— Но репортаж-то напечатали?
— Напечатали. Но о том, что он сенсационный, в редакции поняли только на следующий день, когда читатели оборвали у них все телефоны.
— И о чем же был этот репортаж?
— Я точно не знаю, но что-то из серии «А идите вы, начальнички, к такой-то матери». Короче, всех обгадил и показал своему менеджеру большую фигу.
Глотнув вина, я обдумал слова Лэрри и наконец сказал:
— Сомневаюсь!
— В чем ты сомневаешься? Говорят, все именно так и было.
— Сомневаюсь, что он добился чего хотел. Наверняка менеджмент после этого собрался на совещание, и его представители, согласно кивая, говорили, что правильно сделали, избавившись от такого склочного и несдержанного парня. Вот если ты действительно хочешь показать при увольнении большую фигу кому-нибудь из руководства, то надо сделать это так, чтобы начальник сильно пожалел, что уволил тебя. Иначе говоря, ты должен написать такое, что навело бы его на мысль о твоей незаменимости.

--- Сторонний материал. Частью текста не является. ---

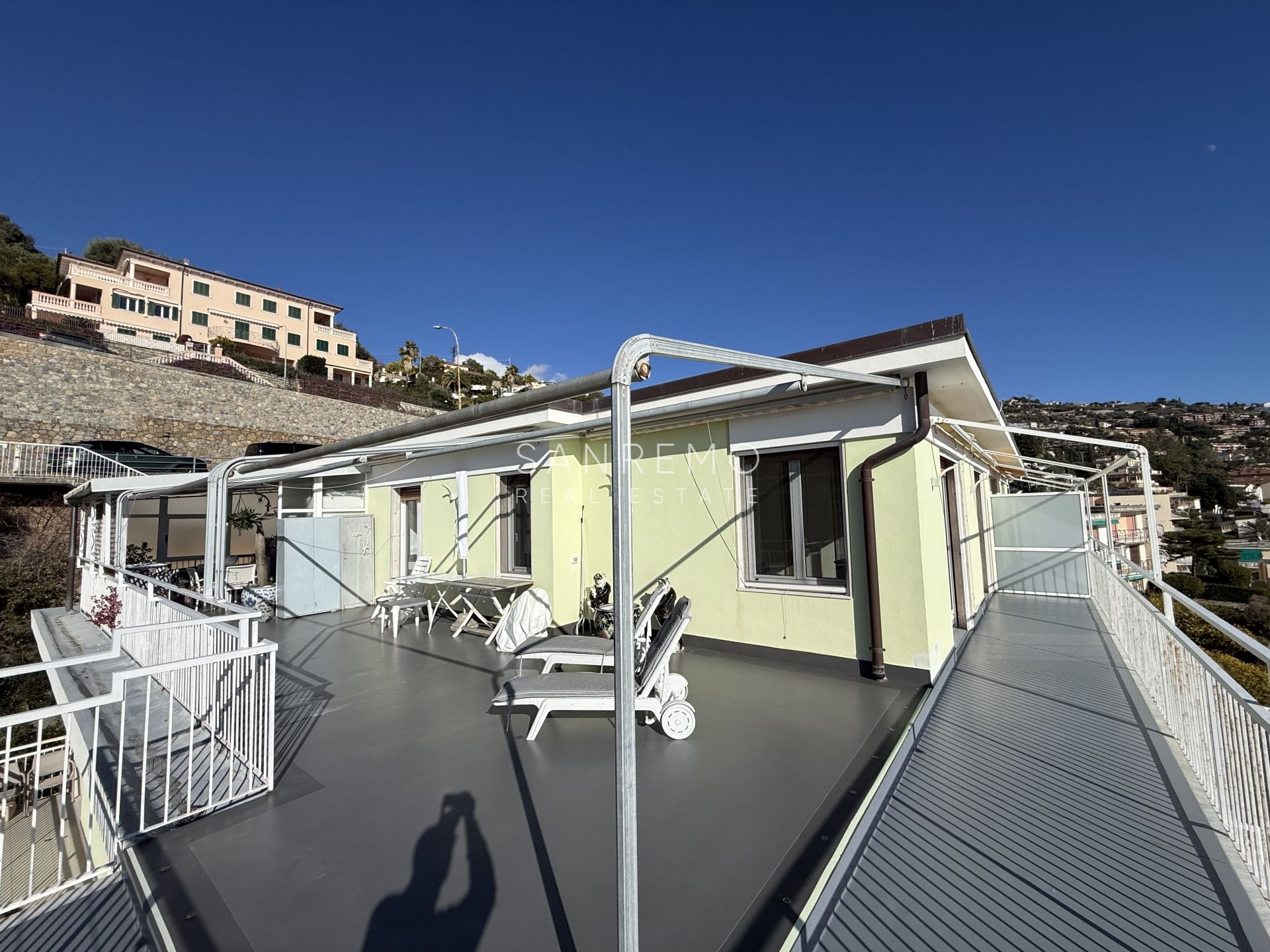 Proponiamo in vendita splendido attico situato in Ospedaletti, in posizione dominante e panoramica, con doppio ingresso: uno direttamente dal circuito e l’altro dalla strada principale, soluzione che lo rende estremamente comodo anche per chi si muove a piedi.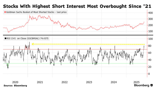 目前,高盛“最被做空股票篮子”的14日相对强弱指数(RSI)已升至2021年初“迷因股狂热”高峰以来的更高超买水平——当时散户交易者曾推动股票出现莫名的剧烈波动。通常而言,此类超买水平意味着回调即将来临。

— Ты это, что ли, собираешься сделать?
— Нет, парень. Я собираюсь уйти из редакции незаметно, тихо прикрыв за собой дверь и растворившись в ночи. И опубликовать наконец свой роман, который в случае успеха и станет той самой фигой для нашего руководства. У меня уже и рабочее название соответствующее имеется: «Да пошел ты, Крамер!»
— Здорово!
Бернард расхохотался, после чего мы заговорили о другом. Но, беседуя с приятелем на другие темы, я продолжал думать о той самой пресловутой большой фиге. В частности, о романе, который собирался реанимировать и довести до конца. При этом временами меня охватывал такой сильный писательский зуд, что хотелось сорваться с места, уехать домой и немедленно засесть за работу. А еще я думал о том, что это, возможно, скрасит оставшиеся мне до ухода из редакции две недели. Особенно если я буду каждый вечер вовремя возвращаться к себе и упорно трудиться над текстом.

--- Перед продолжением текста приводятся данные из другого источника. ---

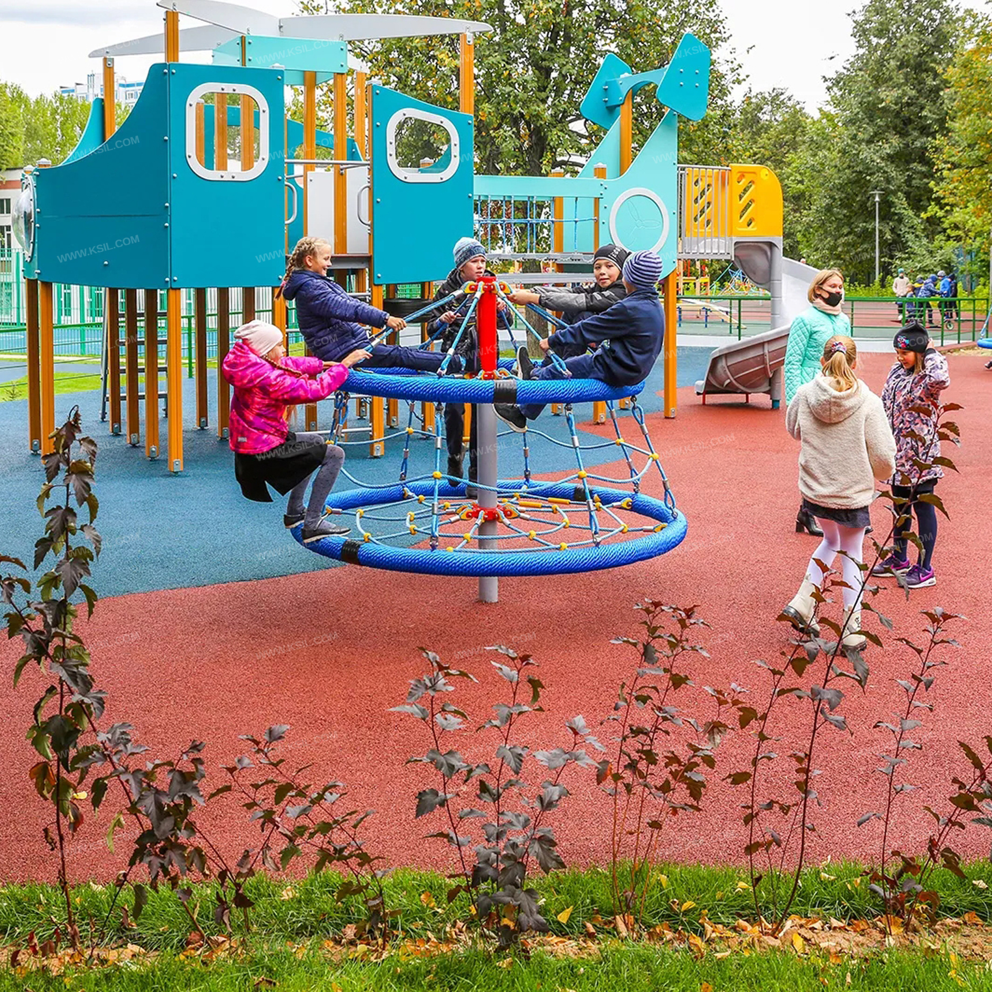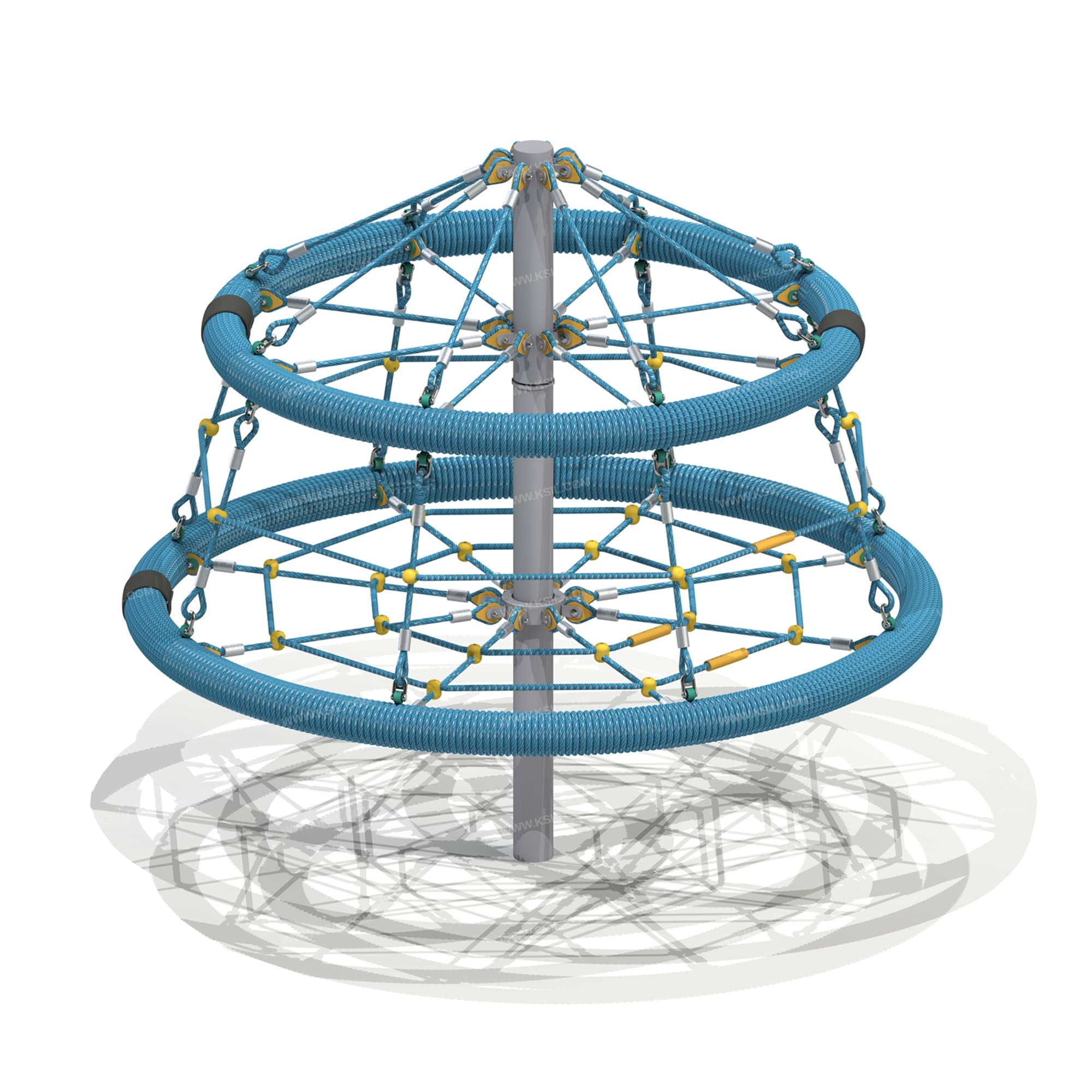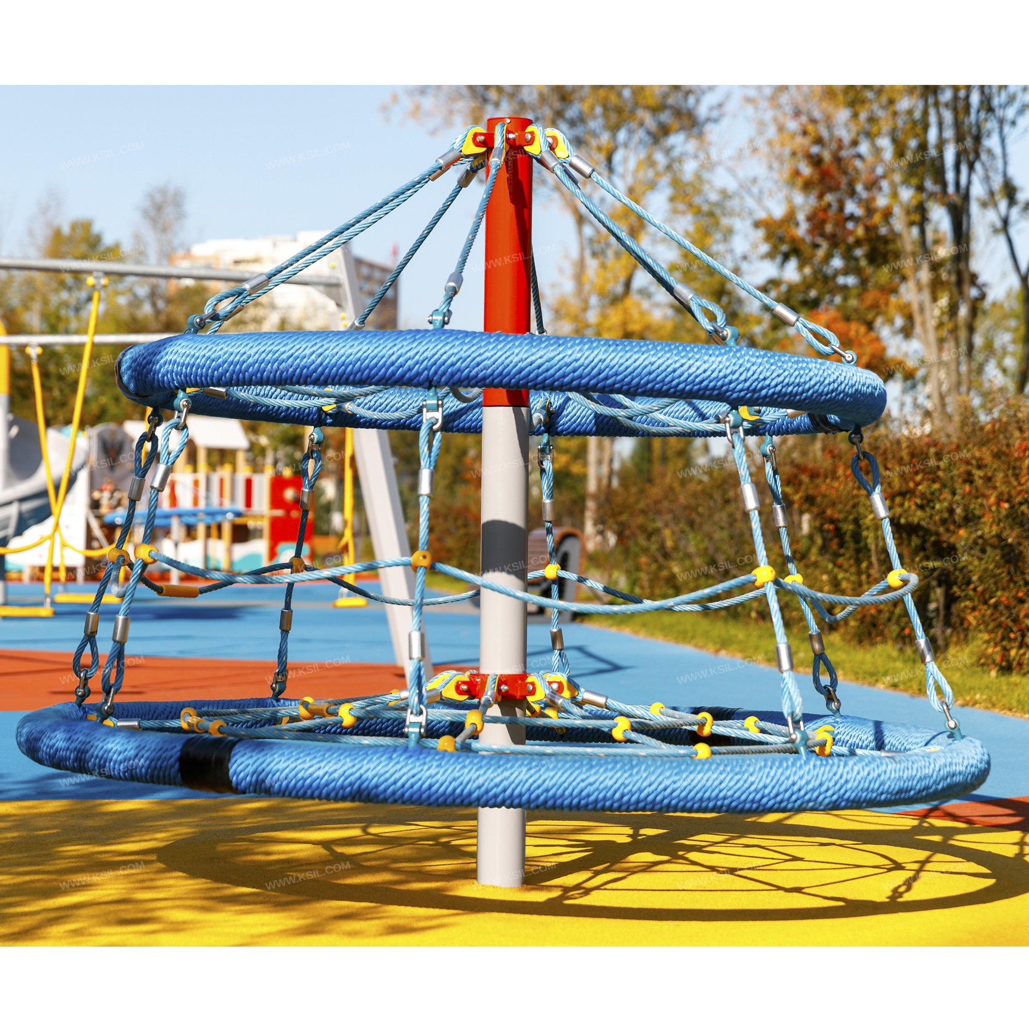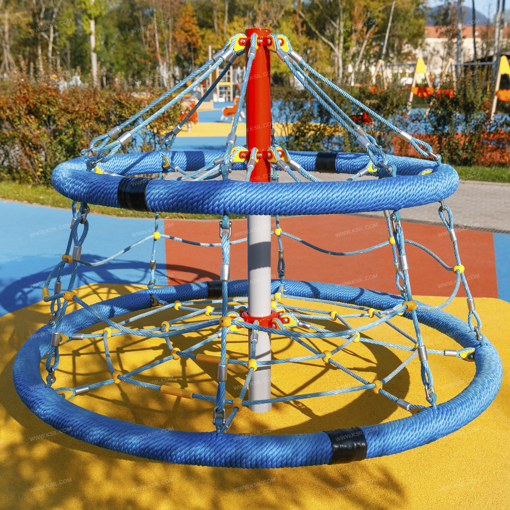 Сетка с вращением должна представлять собой устойчивую конструкцию, обеспечивающую безопасное вращение сетки для детей вокруг вертикальной оси.Сетка с вращением включает в себя два обруча, соединенных между собой полипропиленовым армированным канатом, крепящихся к центральной стойке при помощи полипропиленовых канатов к узлам вращения.На центральной металлической стойке сетки с вращением, сверху закрытой металлической заглушкой, должно быть установлено круглое сиденье, вращающееся на круглом валу с подшипниками. Сиденье диаметром не менее 2000 мм должно быть выполнено в виде сетки-паутины из полипропиленового армированного каната и наружного кольца из стальной трубы, плотно оплетенного полиамидным канатом. Параллельно сиденью на наружном кольце диаметром не менее 1600 мм из стальной трубы, плотно оплетенном полиамидным канатом должны быть установлены 8 лучей из полипропиленового армированного каната, которые крепятся в центре к стойке карусели. Данные элементы должны крепиться между собой сеткой из полипропиленового армированного каната из 16 ячеек. Канаты сеток должны быть надежно закреплены специальными пластиковыми креплениями и зажимами из алюминиевого сплава, позволяющими удерживать конструкцию сеток под нагрузкой. Верхний элемент должен крепиться к несущей стойке в верхней точке на 8-ми лучах из полипропиленового армированного каната

Неожиданно зазвонил мой сотовый. Бросив взгляд на дисплей, я понял, что звонит моя бывшая жена и неприятного разговора с ней не миновать. Соскочив со стула, я двинулся по проходу между столиками к выходу из бара, чтобы пообщаться с ней на парковке, где было не так шумно.
Хотя в Вашингтоне рабочий день давно закончился, у меня на дисплее тем не менее проецировался номер телефона ее офиса.
— Кейша, ты еще на работе? Что-то случилось?
Я бросил взгляд на часы. Стрелки показывали около семи, соответственно в Вашингтоне время приближалось к десяти вечера.
— Жду откликов по поводу одной из статей «Пост».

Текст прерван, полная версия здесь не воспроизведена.